Easton WINCHESTER SO21 1EG

Third Easton Primitive Methodist chapel
Keith Guyler 1988
David Young
Easton Primitive Methodist chapel, Hampshire. Folk gathering in the year of its opening
Revd David Sharp ENBPM:2020.146
Return from Easton Primitive Methodist chapel in the 1851 Census of Places of Public Religious Worship
Provided by David Tonks

This Easton is north east of Winchester.  The first Primitive Methodist chapel in the village was opened in Magdalen Lane in 1840. The Return from the 1851 Census of Places of Public Religious Worship shows that it held 100 people and the attendance on Census Sunday was 95.

A second chapel followed in 1870.  This became used as a bakery and was demolished in 1969.

The chapel in the photographs is the third in the village.  It was opened in 1909 – the year of Rev David Sharp’s postcard showing folk gathering outside the chapel – and served until 1969.  At the time of the photograph it was used as a house.  It is still a house in Google Street View in July 2011.

Comments about this page

  • The best example I know of the change in attitude from chapel to church is at Coleorton in Leicestershire, where the difference is carved in stone on two buildings which stand within 100 yards of each other.  The chapel is 1839; the church is 1901. Both have been converted to houses in the past two tears.
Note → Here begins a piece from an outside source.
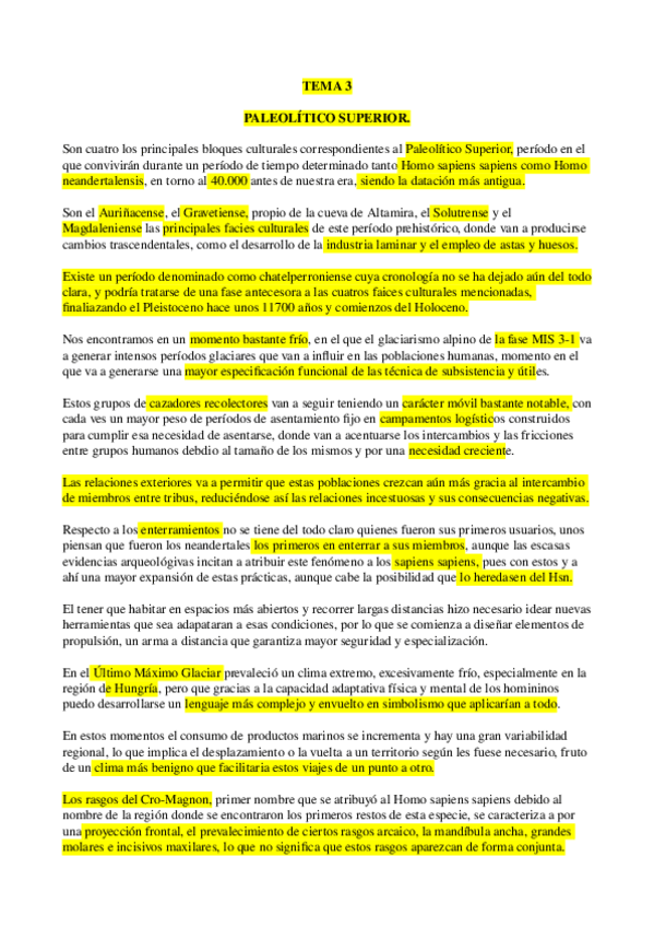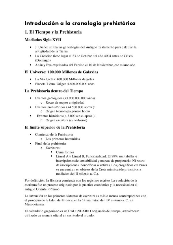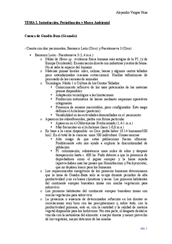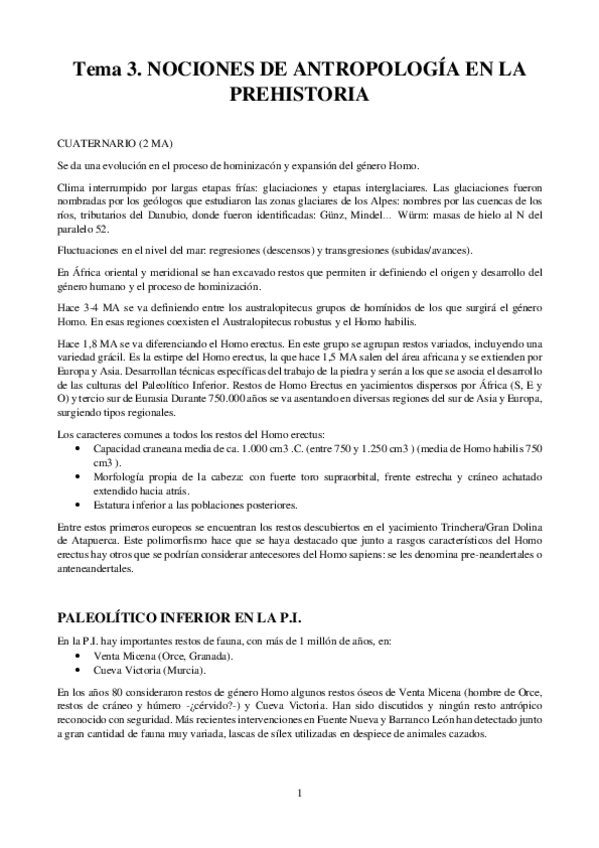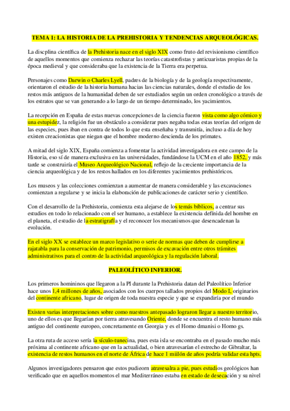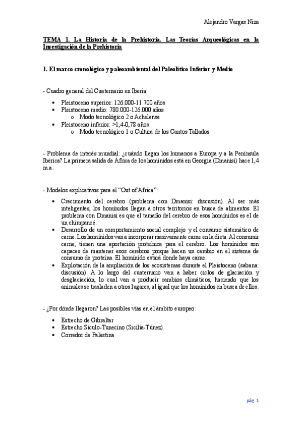 Tema 1 de la asignatura de Prehistoria de la P.I. del prof. Mark Hunt, ordenado por puntos y con errores corregidos.

Click here to see the pictures.

    By Christopher Hill (17/11/2015)
  • This chapel, now a house, has the title 

    1909 Primitive Methodist Church

    I know nothing more about this chapel, but it is interesting that it is called church, not chapel, a telling pointer to the change of self-perception among Primitive Methodists. No longer an expansive revival movement, they had by 1909 come to see themselves as one respectable Free Church accepted among a range of non-Anglican denominations.